# Work order:
Produce as output only the lines below starting at the line with "Carlyna Florence Mermaid" and continuing through the line with "Each function code", each one exactly as written.

# Data records:

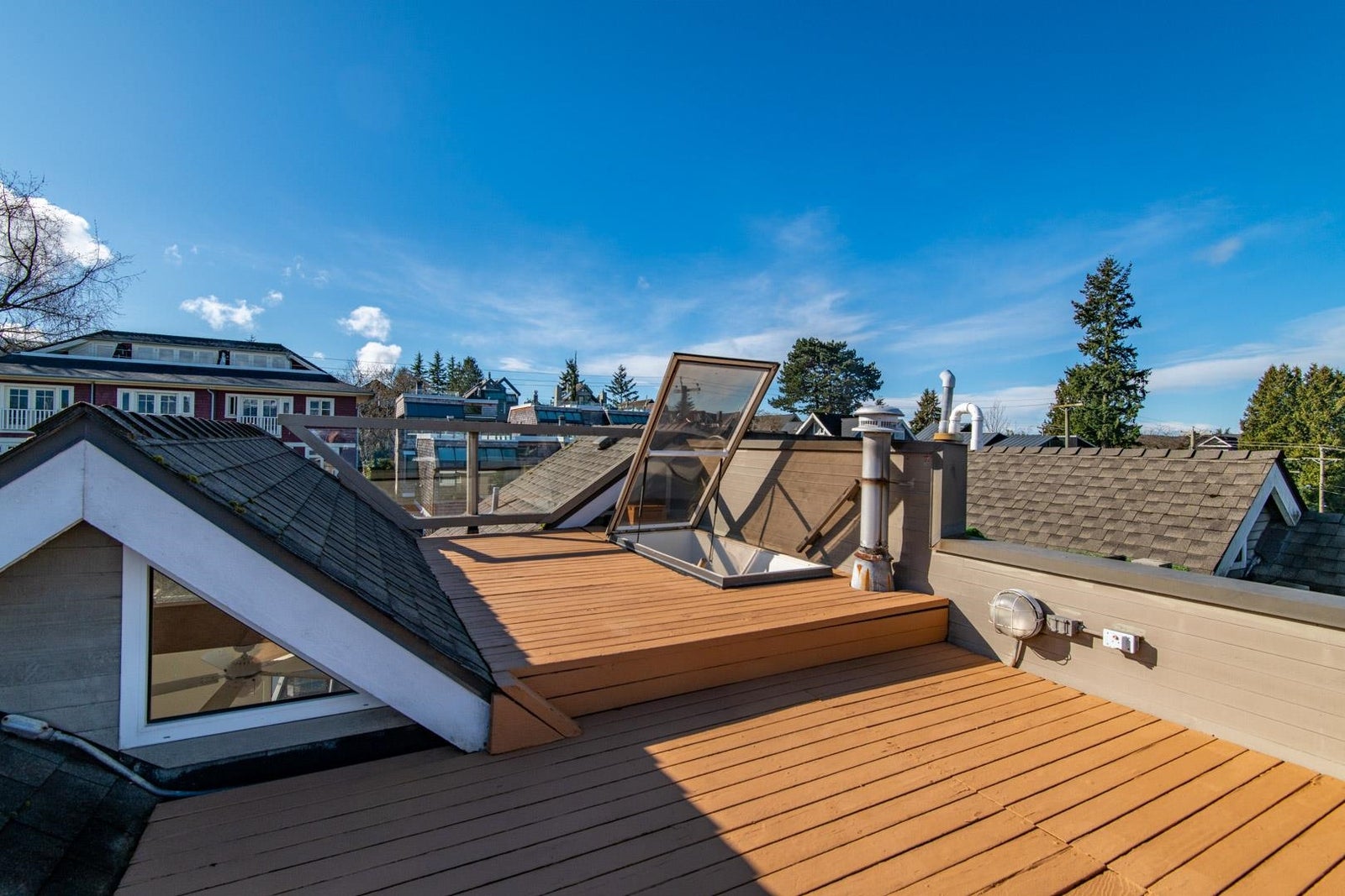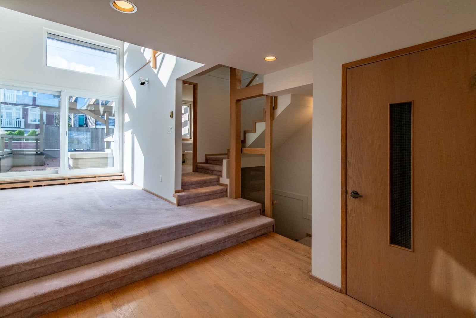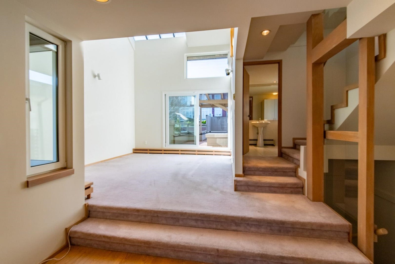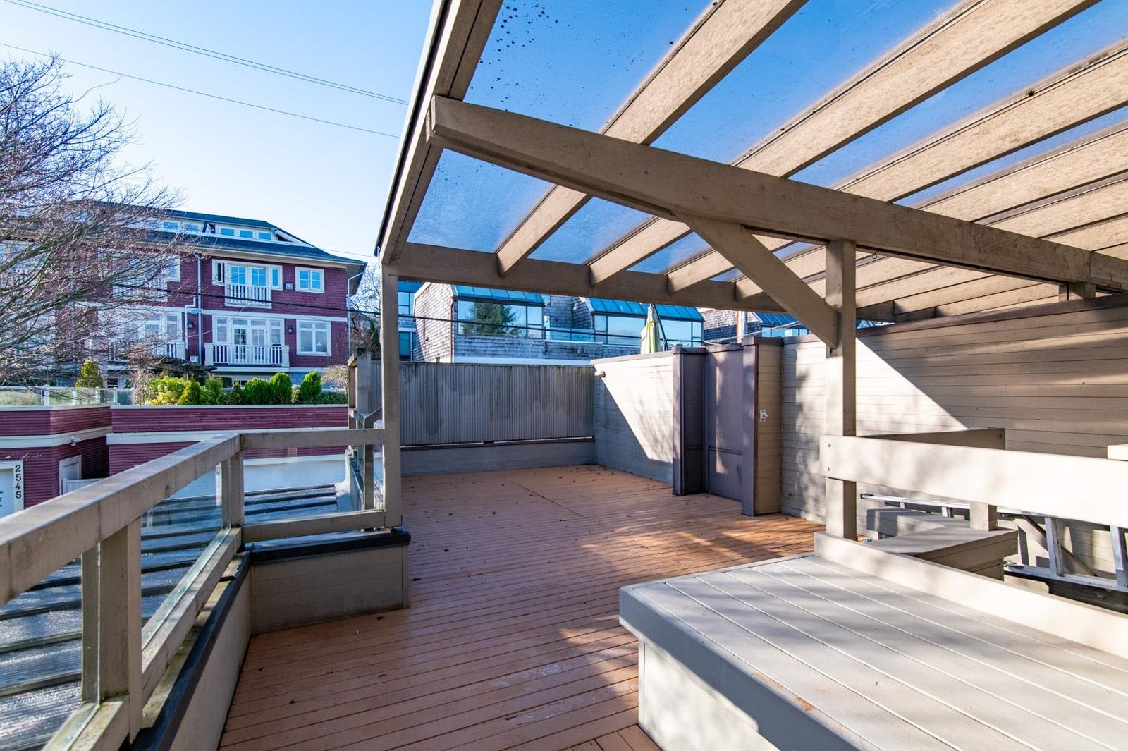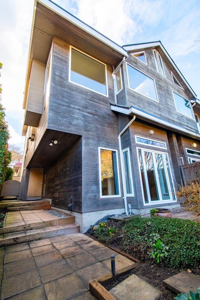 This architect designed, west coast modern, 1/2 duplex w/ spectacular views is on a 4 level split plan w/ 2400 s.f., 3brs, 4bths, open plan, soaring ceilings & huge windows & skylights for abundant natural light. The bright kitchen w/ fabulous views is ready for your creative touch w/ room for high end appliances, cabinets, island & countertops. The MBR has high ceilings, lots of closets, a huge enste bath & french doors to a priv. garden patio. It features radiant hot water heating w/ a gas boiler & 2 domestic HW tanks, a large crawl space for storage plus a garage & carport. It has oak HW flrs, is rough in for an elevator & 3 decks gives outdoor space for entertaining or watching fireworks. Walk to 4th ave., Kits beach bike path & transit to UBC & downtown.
...
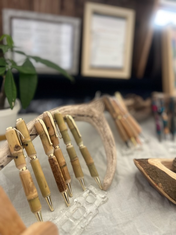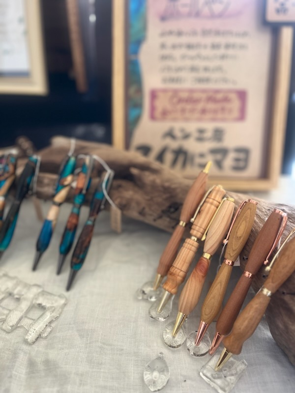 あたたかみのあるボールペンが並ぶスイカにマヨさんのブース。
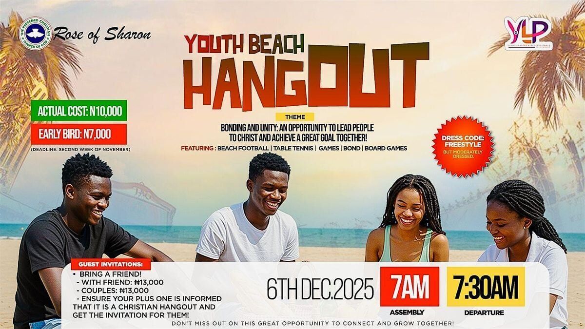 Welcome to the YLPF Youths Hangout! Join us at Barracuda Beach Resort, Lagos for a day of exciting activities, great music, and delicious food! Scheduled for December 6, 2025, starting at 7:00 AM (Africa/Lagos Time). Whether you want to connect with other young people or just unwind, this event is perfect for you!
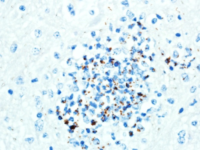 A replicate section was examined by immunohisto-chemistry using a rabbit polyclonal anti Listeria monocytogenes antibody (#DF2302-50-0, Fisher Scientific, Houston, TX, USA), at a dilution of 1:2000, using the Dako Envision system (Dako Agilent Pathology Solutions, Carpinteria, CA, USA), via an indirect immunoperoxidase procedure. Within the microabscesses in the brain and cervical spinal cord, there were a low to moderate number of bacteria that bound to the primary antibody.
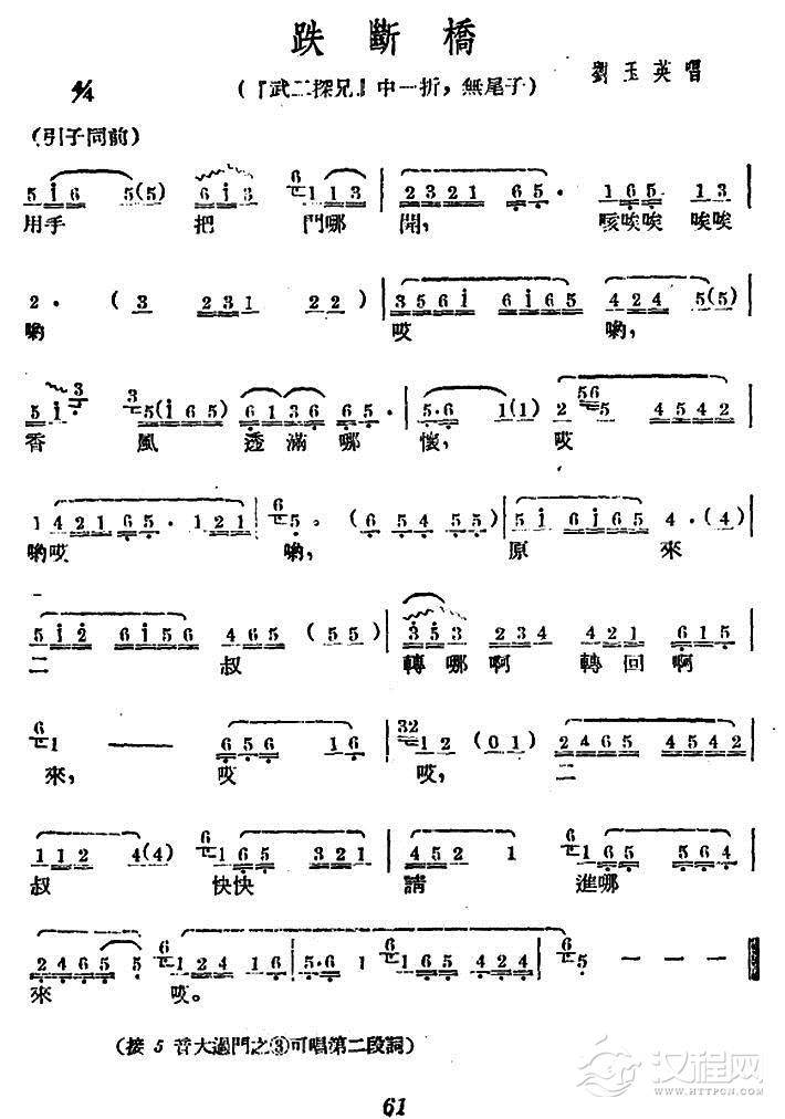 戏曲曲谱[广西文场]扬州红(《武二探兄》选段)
--
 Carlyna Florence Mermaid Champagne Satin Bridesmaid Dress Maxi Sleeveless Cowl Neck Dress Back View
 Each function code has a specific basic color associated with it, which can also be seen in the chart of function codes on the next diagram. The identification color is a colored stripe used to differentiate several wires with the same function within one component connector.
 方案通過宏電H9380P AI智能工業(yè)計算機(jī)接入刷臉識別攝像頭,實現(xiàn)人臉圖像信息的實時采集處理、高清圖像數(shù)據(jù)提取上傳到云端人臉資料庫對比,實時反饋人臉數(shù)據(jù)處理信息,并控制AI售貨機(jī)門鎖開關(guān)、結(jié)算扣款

# Response area:
 Carlyna Florence Mermaid Champagne Satin Bridesmaid Dress Maxi Sleeveless Cowl Neck Dress Back View
 Each function code has a specific basic color associated with it, which can also be seen in the chart of function codes on the next diagram. The identification color is a colored stripe used to differentiate several wires with the same function within one component connector.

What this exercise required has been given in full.